=== Begin Enclosure ===
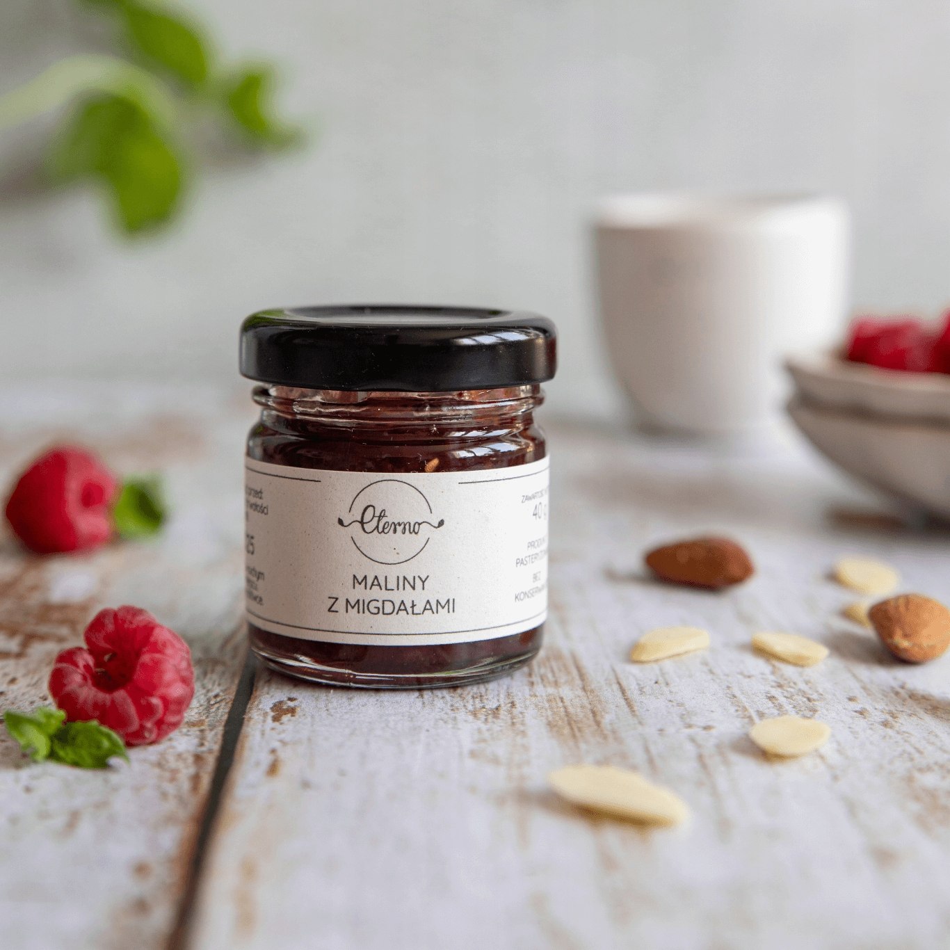 Składniki: maliny 67%, cukier, migdały 3% (spoza Polski). Sporządzono z 67g owoców na 100g produktu.
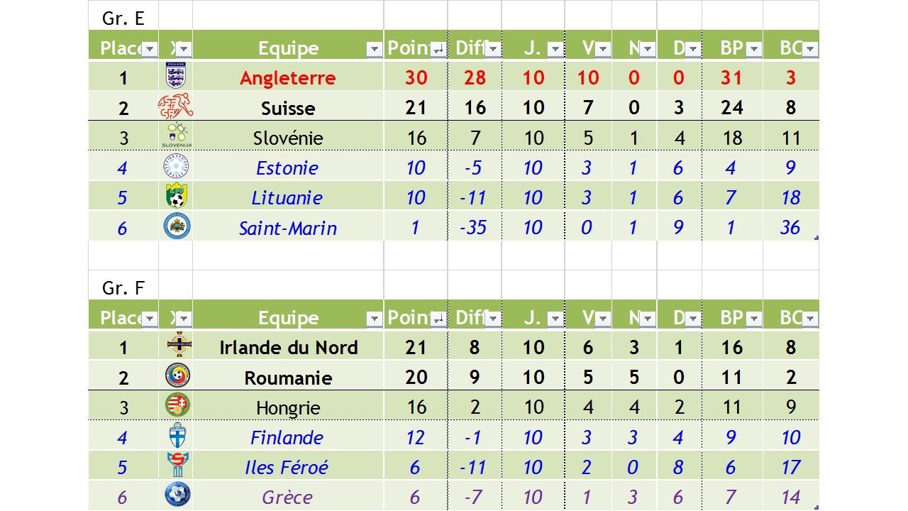 Euro 2020 Le Classement Des Groupes Eliminatoires Et Les Qualifies Actuels J2
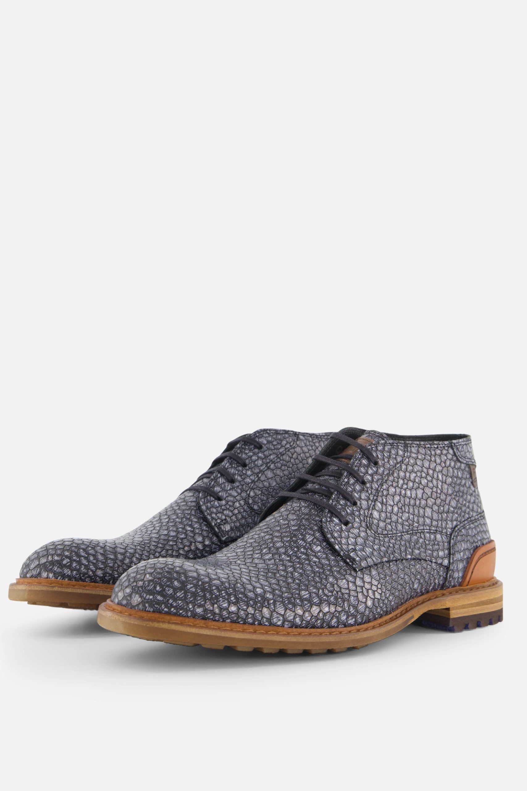 Deze Floris van Bommel Crepi 11.03 veterschoenen in de kleur grijs hebben een bovenwerk van geprint leer. De voering en comfortabele binnenzool zijn van kalfsleer. De achterkant bevat een hielcup met stevig plantaardig gelooid kuipleer. De veterschoenen hebben een 749 H-Leest en een uitneembaar voetbed. De zool is gemaakt van rubber en heeft een dikte van 3 centimeter.
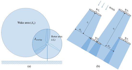 The rotor of the wind turbine affected by the wake is fully or partially affected by single or multiple wakes depending on the wind direction, as shown in Figure 2. In the case of a wind turbine that is partially affected (Figure 2a), the wind speed deficit can be calculated as the ratio of the intersecting area between the wake and rotor to the rotor area:
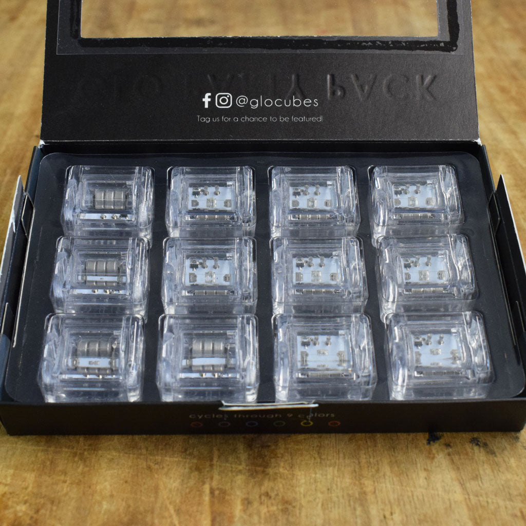What a hit at parties! Drop a glo-pack into any beverage and watch it light up your drink! Twelve cubes in every pack. Cycles through nine colors.
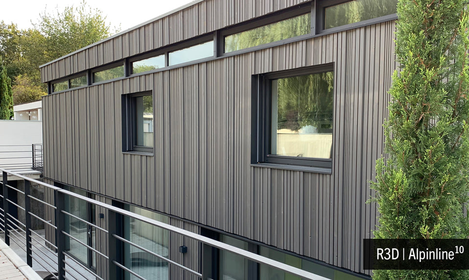 Kompozycja R3D z efektem trójwymiarowości bazuje na trzech różnych deskach o różnych wymiarach i wzorach strugania, które można ze sobą łączyć w dowolnej kolejności, liczbie powtórzeń i liczbie użytych elementów. W ten sposób na fasadzie budynku uzyskujemy efekt trójwymiarowości, który za każdym razem ma charakter indywidualny.
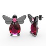 Rodolit garnet ve pembe kuvars 925 ayar siyah rodyum kaplama gümüş küpe
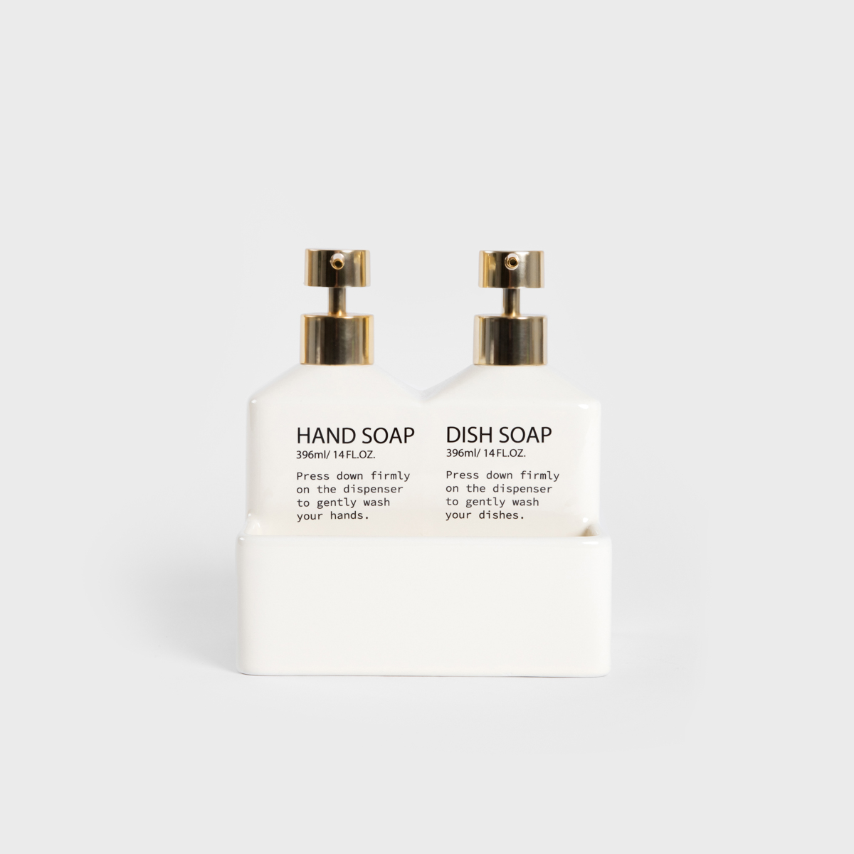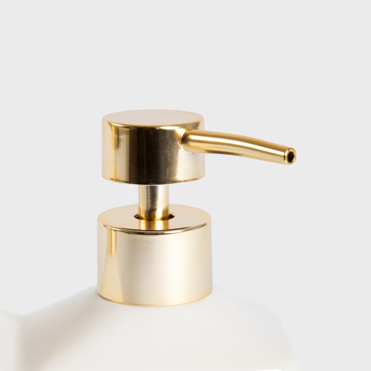 The EBRO dispenser is a combination of style and functionality that is perfect for any kitchen or bathroom. The cream color juxtaposed with the gold pumps creates a harmonious and elegant whole. Its modern design fits perfectly into a variety of design styles, from minimalist to classic.
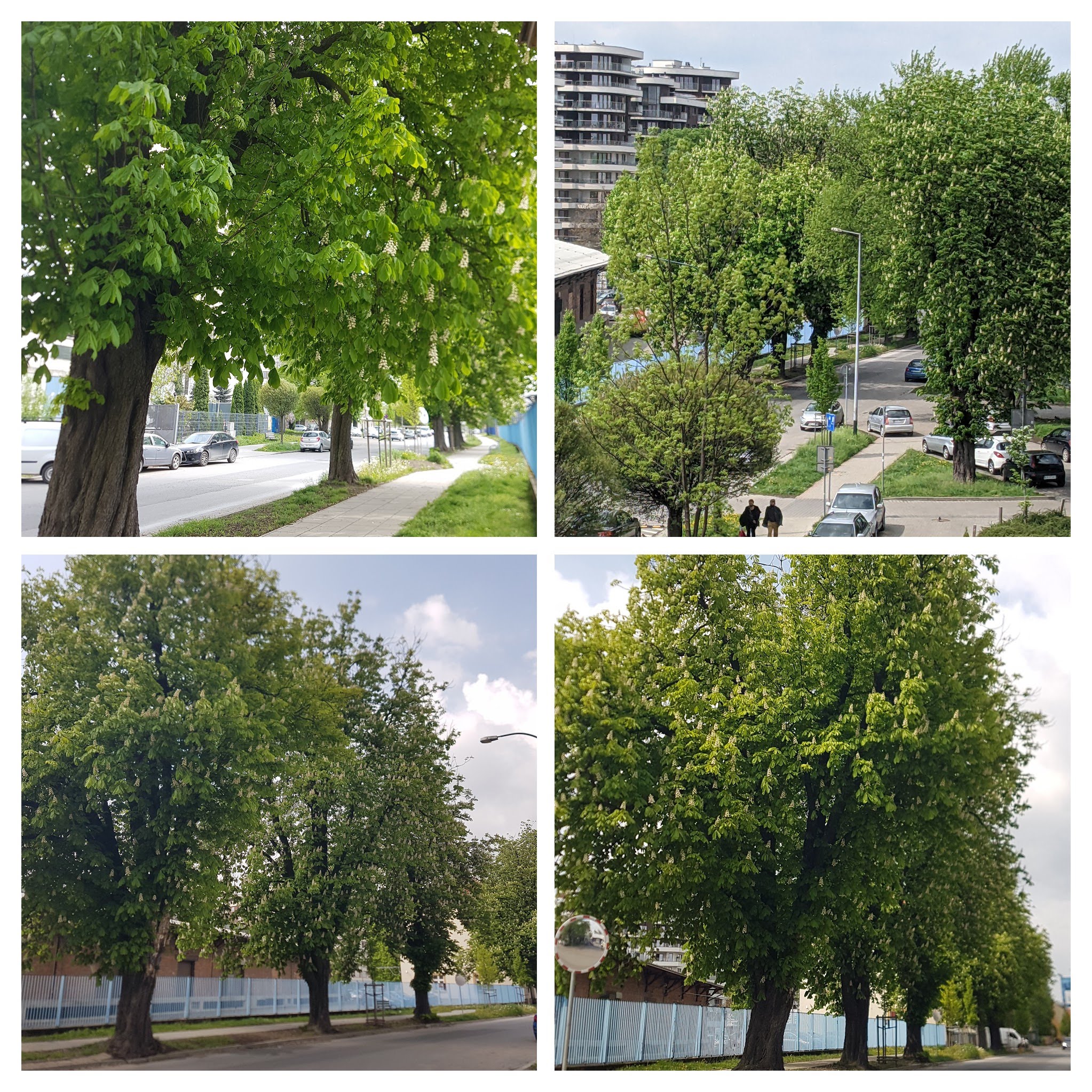 Aktualnie zieleń na tym terenie jest bardzo ograniczona i słabej jakości. Niewątpliwym atutem zieleni na tym terenie są kasztanowce rosnące przy Cystersów (widoczne na zdjęciach poniżej), które znacząco wyróżniają się z otoczenia, a dzięki nim ulica nabiera charakteru kasztanowej alei. Stąd pomysł, by podtrzymać ten charakter poprzez nasadzenia nowych, dużych drzew kasztanowców wzdłuż Cystersów i Fabrycznej, na całej długości ulicy pomiędzy Mogilską a Aleją Pokoju.
=== End Enclosure ===
Your goal —
Exact repeat of the material above: every line from the one with "Deze Floris van" through the one with "What a hit at", endpoints included, and nothing more. No pictures.

Finished exercise —
 Deze Floris van Bommel Crepi 11.03 veterschoenen in de kleur grijs hebben een bovenwerk van geprint leer. De voering en comfortabele binnenzool zijn van kalfsleer. De achterkant bevat een hielcup met stevig plantaardig gelooid kuipleer. De veterschoenen hebben een 749 H-Leest en een uitneembaar voetbed. De zool is gemaakt van rubber en heeft een dikte van 3 centimeter.
 The rotor of the wind turbine affected by the wake is fully or partially affected by single or multiple wakes depending on the wind direction, as shown in Figure 2. In the case of a wind turbine that is partially affected (Figure 2a), the wind speed deficit can be calculated as the ratio of the intersecting area between the wake and rotor to the rotor area:
What a hit at parties! Drop a glo-pack into any beverage and watch it light up your drink! Twelve cubes in every pack. Cycles through nine colors.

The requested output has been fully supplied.